Directions ▸ The line containing "Via de entree" and each line after it, through the final line of the data, are to be retyped exactly, with pictures left out.

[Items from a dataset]

= Beginning of Section =

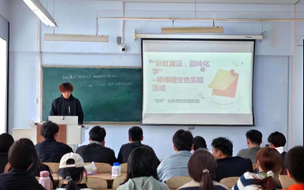 为激发学生对化学学科的兴趣,同时培养同学们的观察力、团队协作能力和环保意识,红宝石官网娱乐网址于4月19日在求实楼403开展“彩虹魔法,甜味化学”活动。
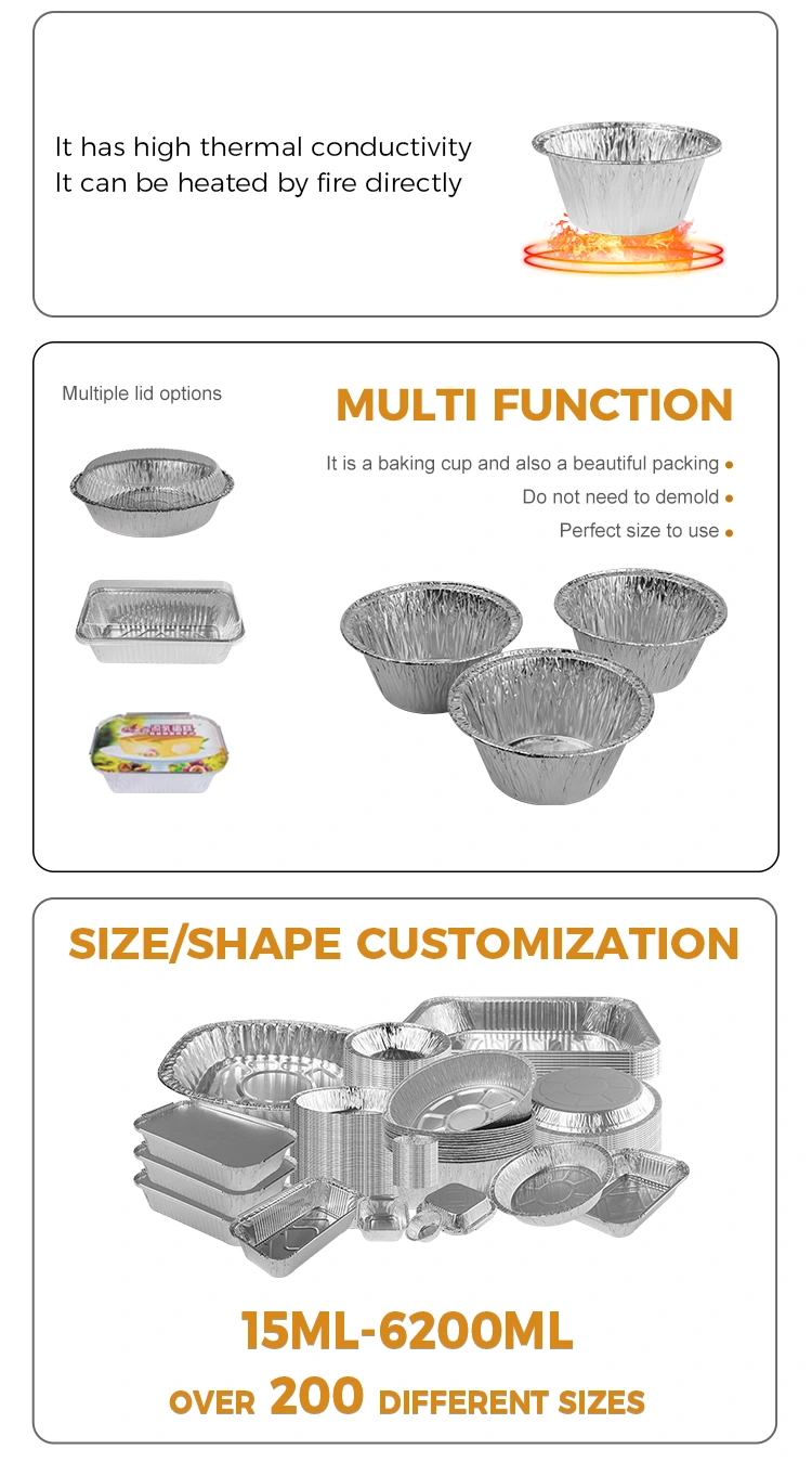 कंटेनर त्याच्या सभोवतालच्या आकाराच्या आकारासह डिझाइन केलेले आहे, जे कंटेनरच्या सौंदर्यशास्त्रात घेणे सुलभ करते आणि जोडणे सुलभ करते. ते बेकिंग केक्स, ब्रेड किंवा इतर पेस्ट्री असो, हे फॉइल कंटेनर आपल्याला परिपूर्ण संरक्षण आणि सोयीसह प्रदान करते.
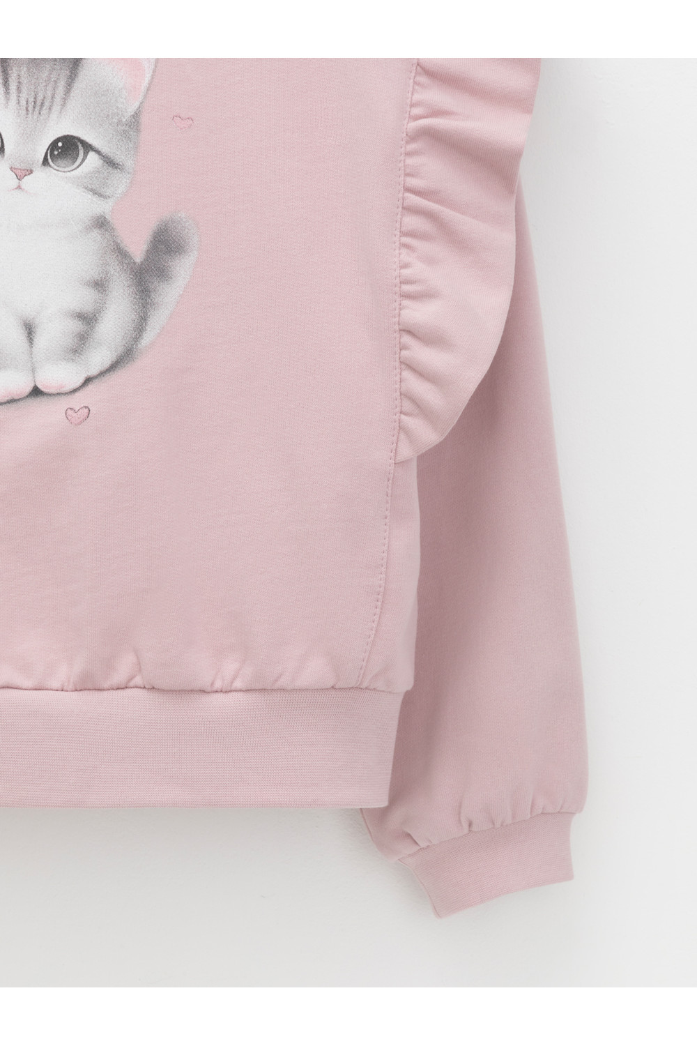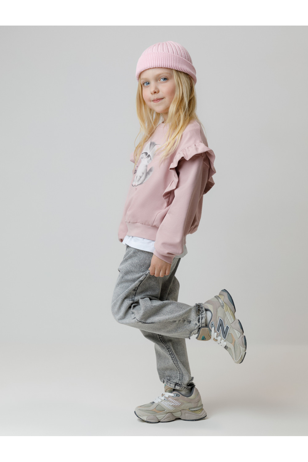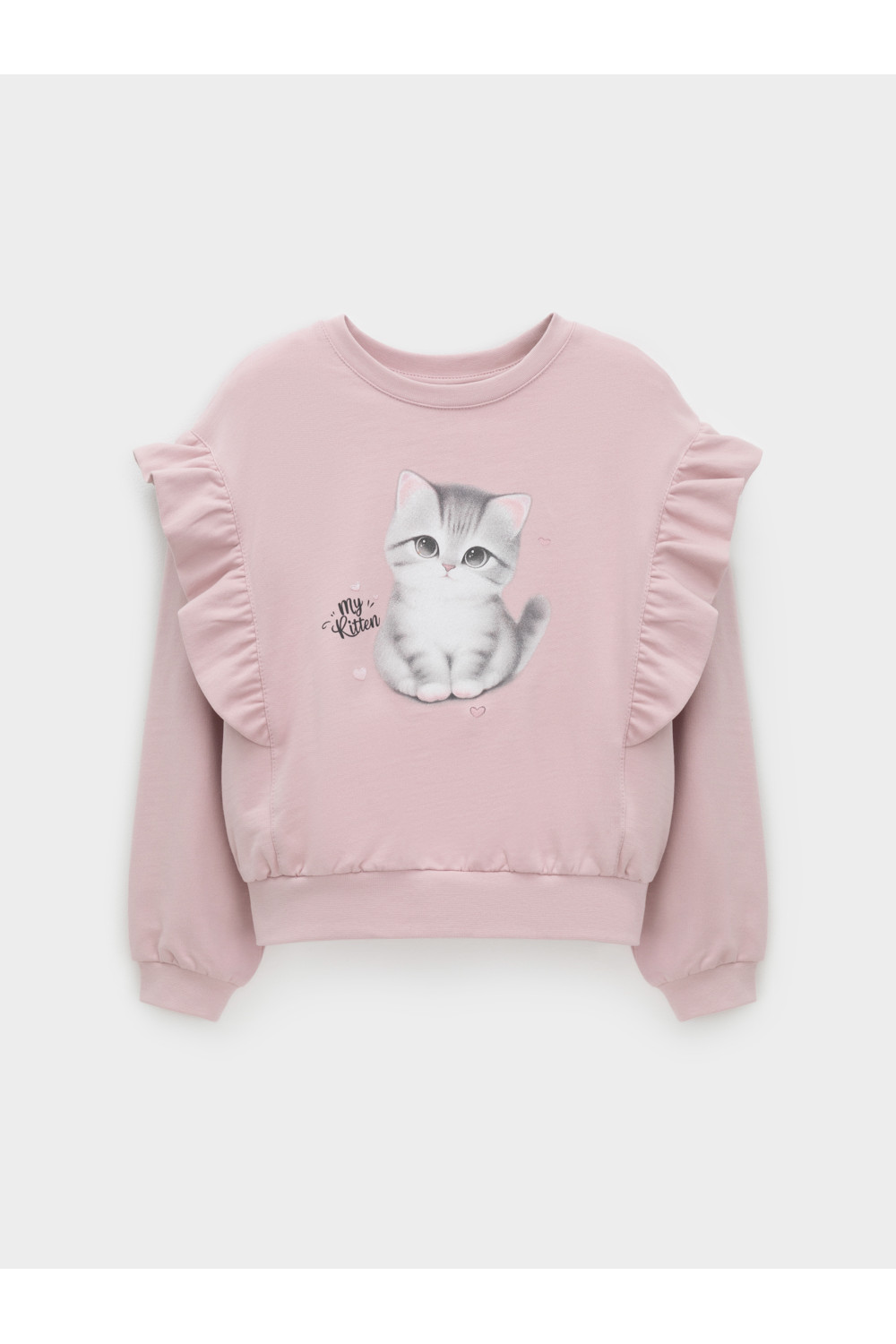 Свитшот для девочки из мягкого петельчатого трикотажа, произведённого из высококачественного натурального хлопка. В размерах 92 и 98 застёгивается на спине на кнопки. Манжеты и пояс выполнены из эластичного полотна. Украшен воздушными рюшами. Оригинальный принт выполнен из стойких текстильных гипоаллергенных красителей. Изделие сохраняет цвет и форму после многократных стирок. Все трикотажные полотна производятся в соответствии с нормами швейцарского сертификата ЭкоТекс.
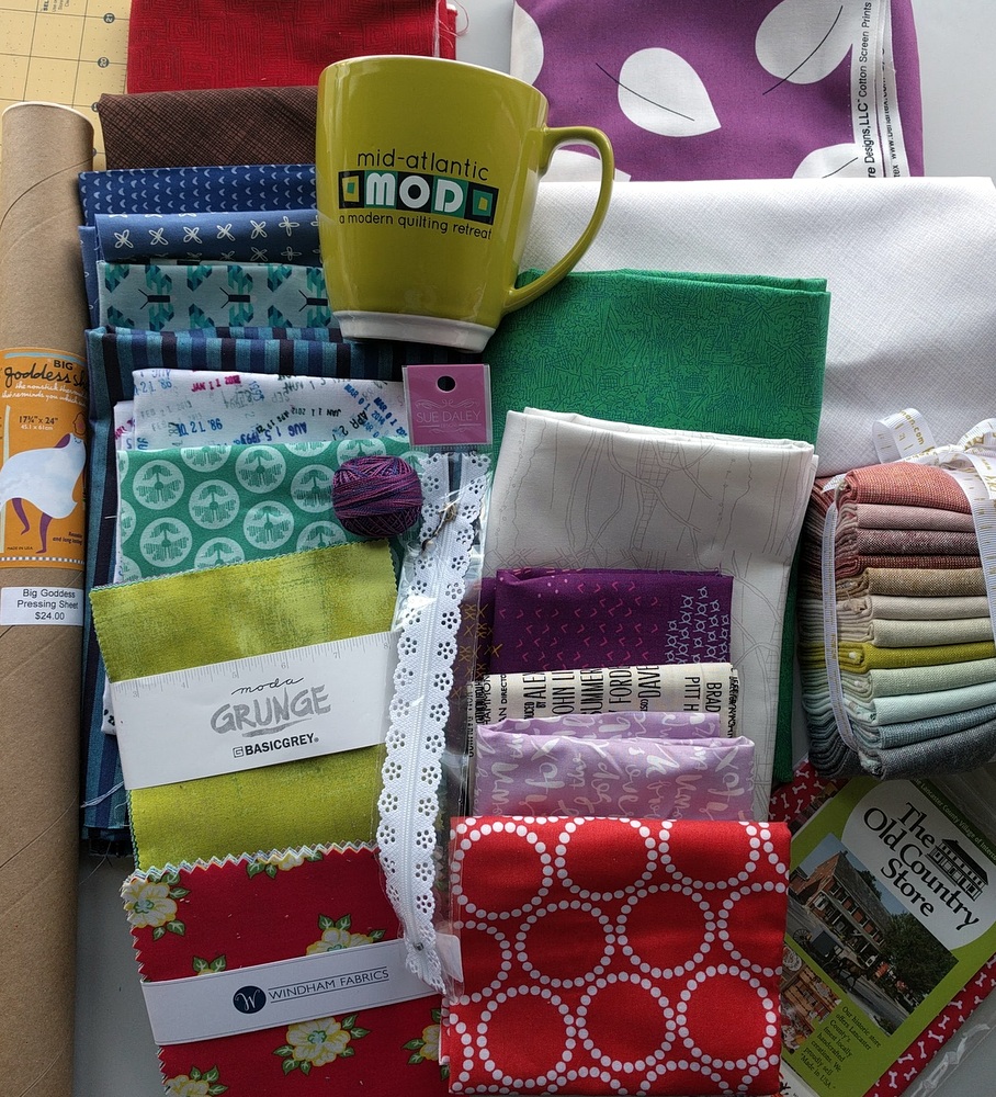 My favorites amongst these: the Mod mug (AH! I love big mugs), the Goddess Sheet (won in a giveaway by my guild friend Michele and gifted to me - I used one for the first time and loved it - thank you for your kindness, Michele!), top purple leaf fabric from Zooks (it's so me), and the Literary fabric (library book dates) I found at Old Country Store.
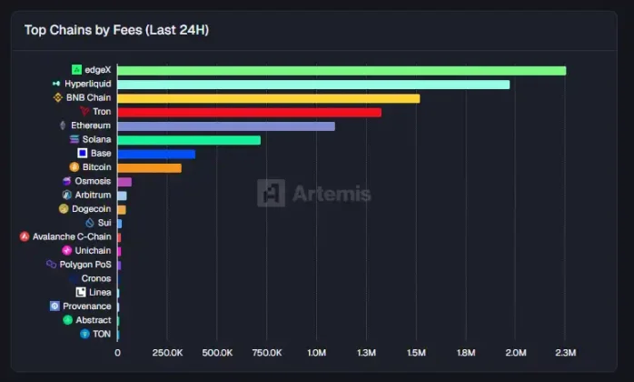 根据 Artemis 的”Top Chains by Fees”数据,edgeX 以 230 万美元的 24 小时手续费收入超越 Hyperliquid,成为新的链上手续费之王,凸显了平台的高交易活跃度和用户粘性。
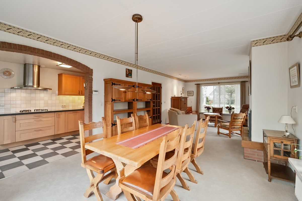 Via de entree aan de voorzijde bereikt u de ruime hal met trapopgang, toiletruimte en toegang tot de overige vertrekken. De royale woonkamer beschikt over een sfeervolle gashaard en een schuifpui naar de prachtig aangelegde achtertuin. De open keuken is uitgevoerd in massief licht eiken en voorzien van diverse inbouwapparatuur, waaronder een koelkast, vaatwasser, gaskookplaat, oven en afzuigkap. Aansluitend vindt u de bijkeuken met aansluiting voor de wasmachine en extra bergruimte. Vanuit hier is de inpandige garage (ca. 21 m²) bereikbaar, evenals de achtertuin.
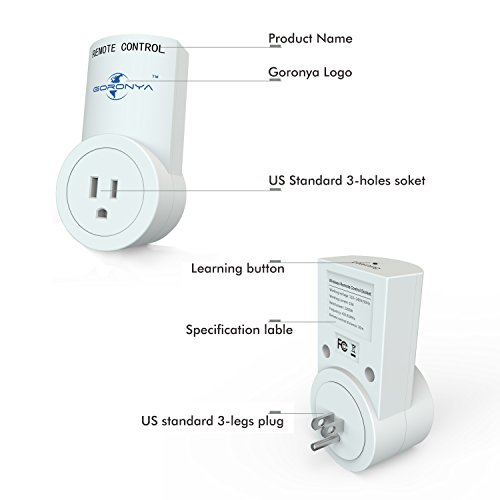 Goronya Wireless Outlet Switch with Remote,Electrical Plug Outlet Control for Household Appliance Lamp Light Etc (1 Plug / 1 Remote)
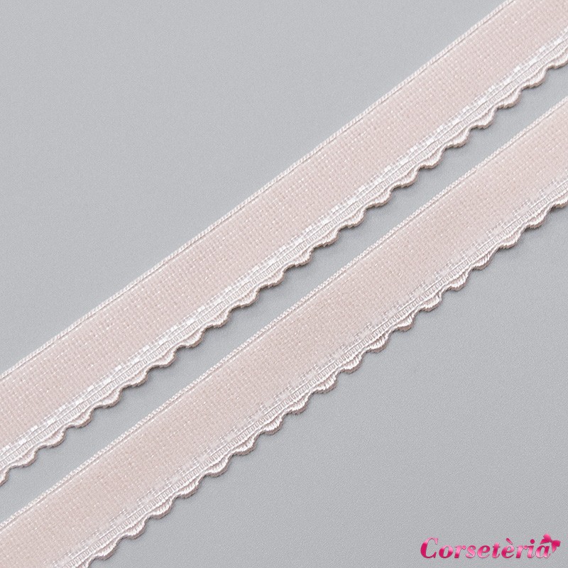 Декоративная резинка бежево-розового оттенка "серебристый пион" шириной 14 мм с ажурным фестоном и миниатюрным орнаментом по одной стороне - используется для пошива нижнего белья в качестве отделки.
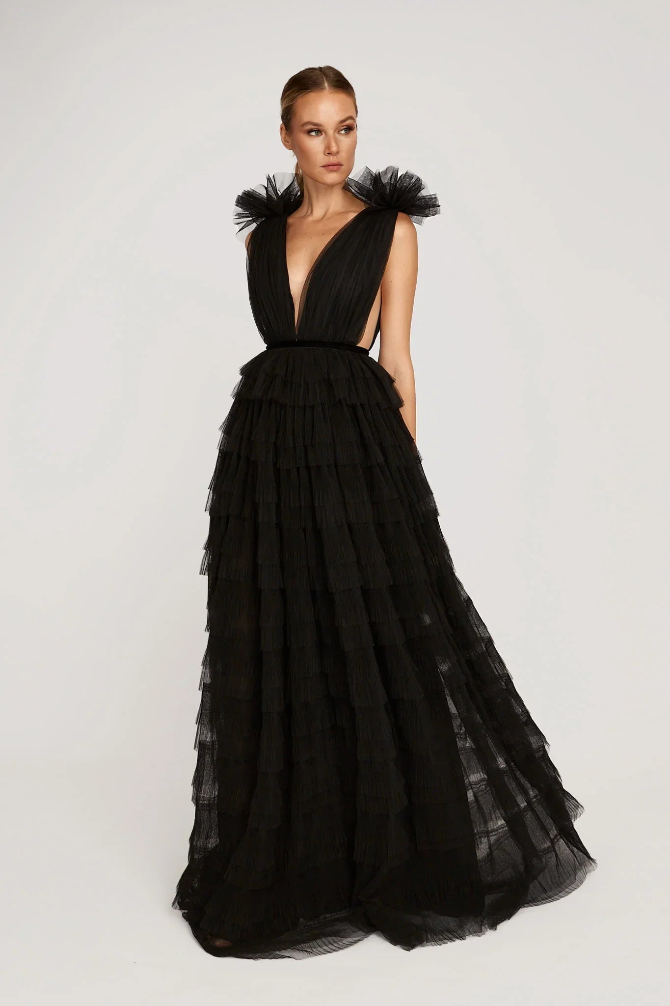 Romantic open-back ruffled gown featuring swathes of flocked tulle cascading to a sweeping hem with plunging neckline

= End of Section =

Written reply ▸
 Via de entree aan de voorzijde bereikt u de ruime hal met trapopgang, toiletruimte en toegang tot de overige vertrekken. De royale woonkamer beschikt over een sfeervolle gashaard en een schuifpui naar de prachtig aangelegde achtertuin. De open keuken is uitgevoerd in massief licht eiken en voorzien van diverse inbouwapparatuur, waaronder een koelkast, vaatwasser, gaskookplaat, oven en afzuigkap. Aansluitend vindt u de bijkeuken met aansluiting voor de wasmachine en extra bergruimte. Vanuit hier is de inpandige garage (ca. 21 m²) bereikbaar, evenals de achtertuin.
 Goronya Wireless Outlet Switch with Remote,Electrical Plug Outlet Control for Household Appliance Lamp Light Etc (1 Plug / 1 Remote)
 Декоративная резинка бежево-розового оттенка "серебристый пион" шириной 14 мм с ажурным фестоном и миниатюрным орнаментом по одной стороне - используется для пошива нижнего белья в качестве отделки.
 Romantic open-back ruffled gown featuring swathes of flocked tulle cascading to a sweeping hem with plunging neckline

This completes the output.